Exercise requirements: Quote all of the data exactly as given. Skip every picture it contains.

Supplied data:
::::::::::

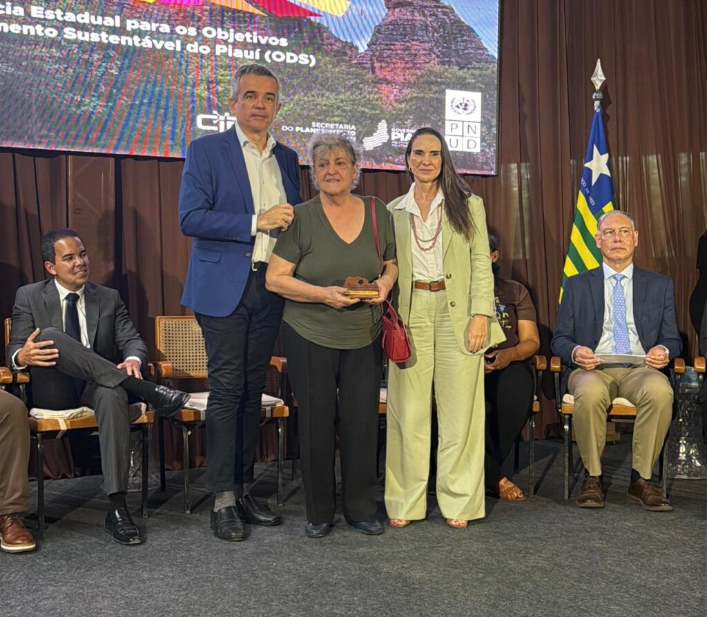 Outro momento importante do evento foi a entrega de um prêmio simbólico, das mãos do secretário Washington Bonfim e da representante do PNUD no Brasil, Maria Teresa Amaral, à senhora Rosa Maria Trakalo Nunes, administradora da Fundação Museu do Homem Americano (FUMDHAM). A homenagem faz referência ao ODS 11, que trata de cidades e comunidades sustentáveis, destacando sua contribuição para a proteção do patrimônio cultural e natural do Piauí.
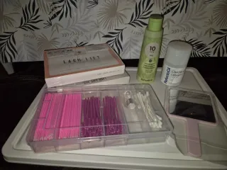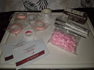 Kit completo para realizar lifting de pestañas. - Incluye aplicadores rosas y morados. - Contiene espejo de mano. - Incluye productos RefectoCil y Schwarzkopf. - Incluye bastoncillos y otros accesorios. TODO SIN USAR Se puede juntar con el pack de manicura
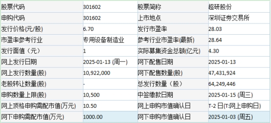 超研股份于2025年1月10日发布的首次公开发行股票并在创业板上市发行公告显示,若本次发行成功,按本次发行价格6.70元/股计算,预计公司募集资金总额为43,047.13万元,扣除发行费用4,610.80万元(不含增值税)后,预计募集资金净额约为38,436.33万元。
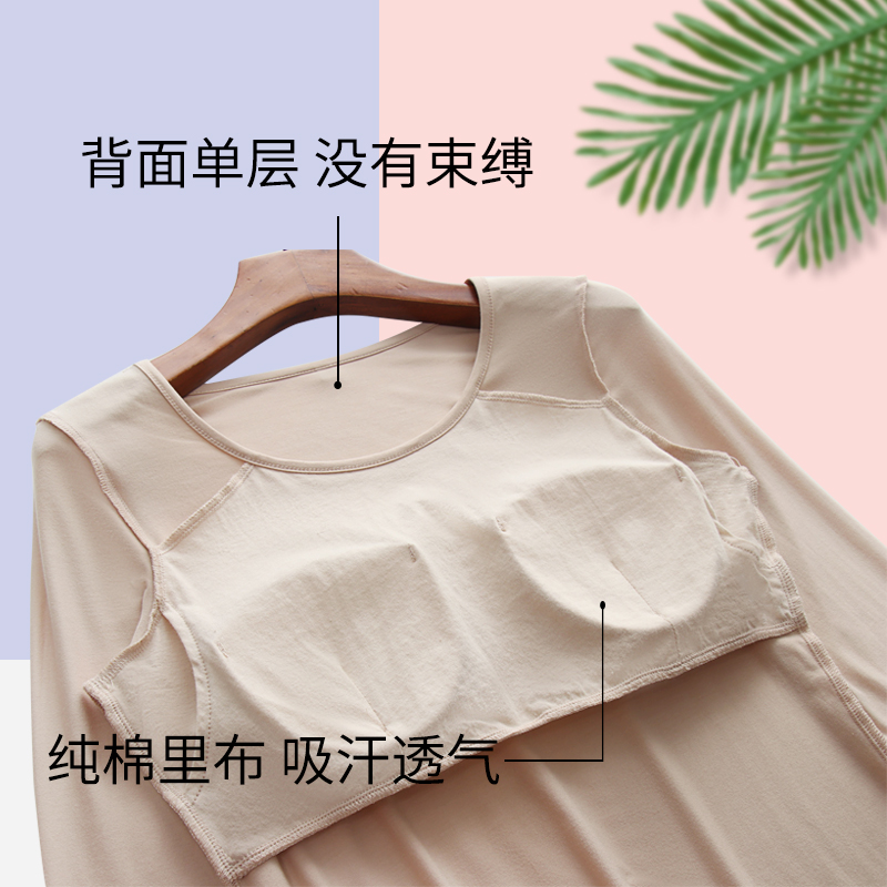 免穿文胸秋衣秋 冬 buupnn带胸垫打底内衣莫代尔t恤大码 上衣女长袖

::::::::::

Result of this task:
 Outro momento importante do evento foi a entrega de um prêmio simbólico, das mãos do secretário Washington Bonfim e da representante do PNUD no Brasil, Maria Teresa Amaral, à senhora Rosa Maria Trakalo Nunes, administradora da Fundação Museu do Homem Americano (FUMDHAM). A homenagem faz referência ao ODS 11, que trata de cidades e comunidades sustentáveis, destacando sua contribuição para a proteção do patrimônio cultural e natural do Piauí.
 Kit completo para realizar lifting de pestañas. - Incluye aplicadores rosas y morados. - Contiene espejo de mano. - Incluye productos RefectoCil y Schwarzkopf. - Incluye bastoncillos y otros accesorios. TODO SIN USAR Se puede juntar con el pack de manicura
 超研股份于2025年1月10日发布的首次公开发行股票并在创业板上市发行公告显示,若本次发行成功,按本次发行价格6.70元/股计算,预计公司募集资金总额为43,047.13万元,扣除发行费用4,610.80万元(不含增值税)后,预计募集资金净额约为38,436.33万元。
 免穿文胸秋衣秋 冬 buupnn带胸垫打底内衣莫代尔t恤大码 上衣女长袖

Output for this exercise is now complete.